Jan Zábrana (4 July 1931 in Herálec – 3 September 1984 in Prague) was a Czech writer and translator.

His parents were teachers and politicians persecuted by the communist regime after the communist revolution of 1948: his mother, a member of the regional parliament, was arrested and sentenced to 18 years in prison; his father, mayor of Humpolec before the communist coup, was also sentenced to 10 years in prison. All property of the Zábrana family was confiscated when Zábrana was nineteen. University studies were prohibited to non-communists, so he tried to study in a Catholic school for priests, but this was prohibited, also.
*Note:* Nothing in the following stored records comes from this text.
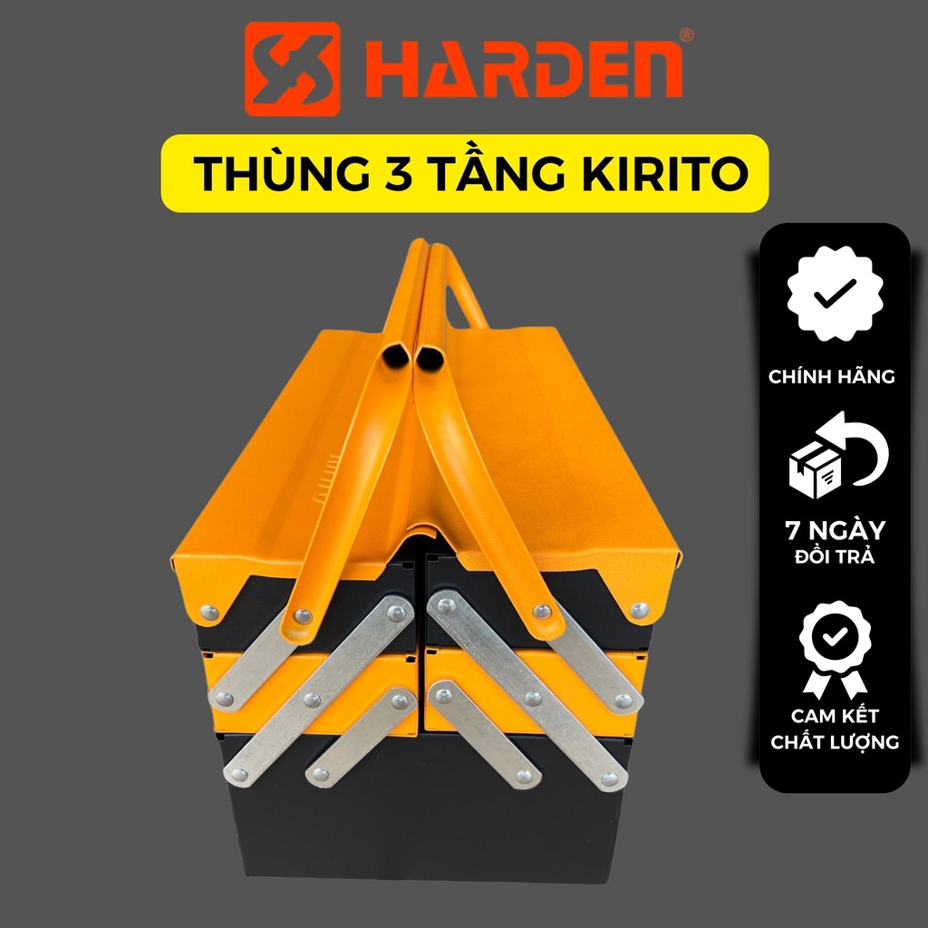 Hộp đựng dụng cụ KIRITO với thiết kế 3 tầng 4 khay tiện dụng, ngăn chứa đa dạng dành riêng cho mỗi loại dụng cụ riêng. Hộp đựng dụng cụ sẽ hỗ trợ đắc lực trong công việc của thợ sửa và các công việc chuyên dụng trong công xưởng, nhà máy,…Hardentools là một thương hiệu nổi tiếng về cung cấp các thiết bị điện và dụng cụ, đồ nghề chuyên nghiệp hàng đầu trên thế giới hiện nay.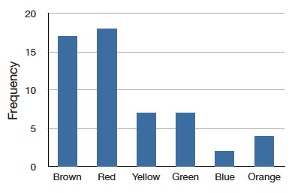 I recently purchased a bag of Plain M&M’s. The M&M’s were in six different colors. A quick count showed that there were 55 M&M’s: 17 brown, 18 red, 7 yellow, 7 green, 2 blue, and 4 orange. These counts are shown below in Table 5.1.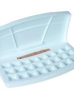 This plastic travel pocketbox comes empty, but with room to hold 24 half pans of van Gogh watercolour paints (sold separately). Select your own pans to create a custom set for your own palette preference!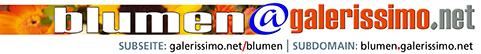(Schreiner) oder einen Blumenalden, ... Wir finden auch für Sie eine Erfolgreiche Lösung! ![]() Mit Domainendungen für den deutschsprachigen Raum und mit .com / .net international! Sie buchen / nutzen günstig und so lange Sie möchten! Nur eine eMail Adresse. Mehr Information > inkl. Landingpage als Subseite. Mehr Information > mit eigener Subdomain für eine autonome Homepage. Mehr Information > Landingpage Factsheet Semantische Domains wie galerissimo (z. B. .com) wirken in Verbindung mit angebotsbezogenen Landingpages / Factsheets oft kleine Wunder. |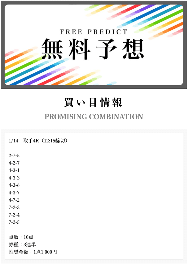 • 2026/01/14的中無料予想で10,500円獲得
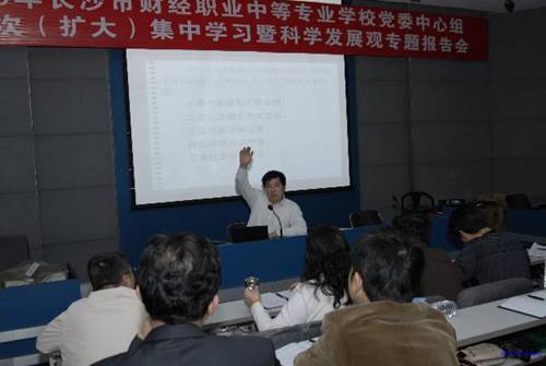 龚教授的讲课生动风趣,他从科学发展观形成的客观基础、科学发展观的历史定位、准确把握科学发展观的科学内涵和学习实践科学发展观的必然要求等方面展开讲解,并就职业学校如何贴近长沙两型社会发展需要,深入推进教学改革为学校指明了道路,全体参会人员都感到受益匪浅,打开了破解教学改革难题的思路。(撰稿:陈智球摄影:刘首飚)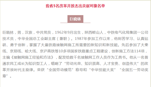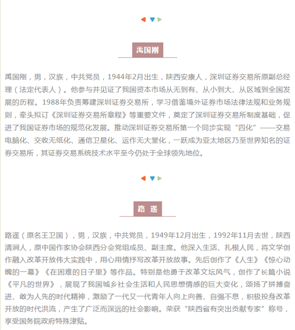 根據(jù)評(píng)選表彰工作部署,在各地區(qū)各部門(mén)反復(fù)比選、組織考察、集體研究提出推薦人選的基礎(chǔ)上,經(jīng)歸口評(píng)審、統(tǒng)籌考慮,產(chǎn)生了100名改革開(kāi)放杰出貢獻(xiàn)擬表彰對(duì)象。其中我省5人入選,安康1人上榜。ewW安康新聞網(wǎng)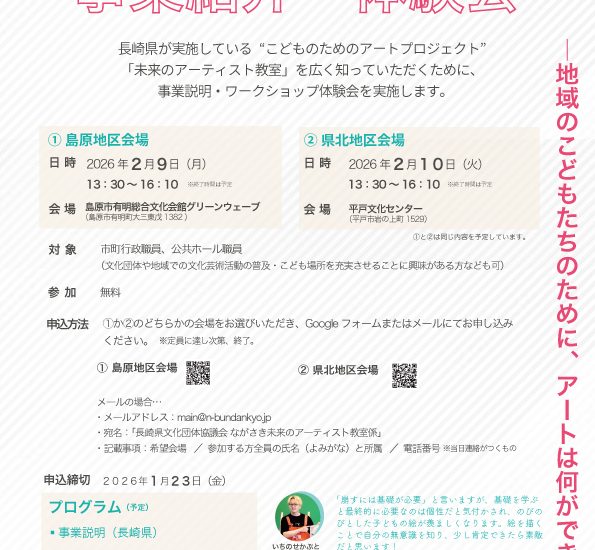長崎県が実施している“こどものためのアートプロジェクト”「未来のアーティスト教室」を広く知っていただくために、事業紹介・ワークショップ体験会を実施します。
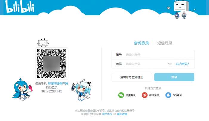 如需直达登录界面,也可在浏览器中输入:https://passport.bilibili.com/login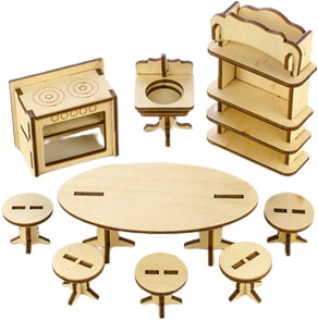 | Информация | Набор изготовлен из экологически чистого и безопасного материала - березовой фанеры, толщиной 3 мм, собирается по принципу шип-паз. Детали собираются между собой в пазы, как конструктор, без клея. Игрушка абсолютно безопасна, все края гладкие и ровные. После сборки у вас получится кухня, ее можно раскрасить карандашами или красками. Конструктор продается в разобранном виде. |

From 1952 to 1953, Zábrana worked in the Tatra Smíchov tram factory in Prague, and the following year in an enamel factory in Radotín, and wrote poems and short stories (published after the fall of the communist regime in 1989 in the book Sedm povídek). At this time he met many writers, both his elders (Vladimír Holan, Jiří Kolář) and his peers Václav Havel, Josef Škvorecký, Bohumil Hrabal). From 1954, he worked full-time as a translator and became one of the best Czech translators of 20th century. His interest focused mainly on Russian and American literature, including Aksjonov, Ivan Bunin, Cvetajeva, Mandelstam, Pasternak, Babel, and Platonov; and Allen Ginsberg, Graham Greene, Sylvia Plath, Wallace Stevens, Ferlinghetti, Ezra Pound, and Gregory Corso.

Zábrana also wrote many afterwords to his translations and these were published in Potkat básníka in 1989. Apart from three years during the 1960s when he published three collections (Utkvělé černé ikony 1965, Lynč 1968 and Stránky z deníku 1968), he published no original poetry in his lifetime. He wrote three detective stories (with Josef Škvorecký), and one novel for children. In the normalization period of the 1970s, later in the 1980s, he wrote poetry and continued with his diaries, published in 1992 under the title Celý život (A Whole Life).

==Translations==
(English)
- Jan Zábrana, "The Lesser Histories", trans. Justin Quinn, Karolinum Press (2022). ISBN 978-80-246-4933-7.
- Jan Zábrana, "Evening Trains", trans. Justin Quinn, New York Review of Books (2020).
- Jan Zábrana, "Two Poems" trans. Justin Quinn, Body (2014).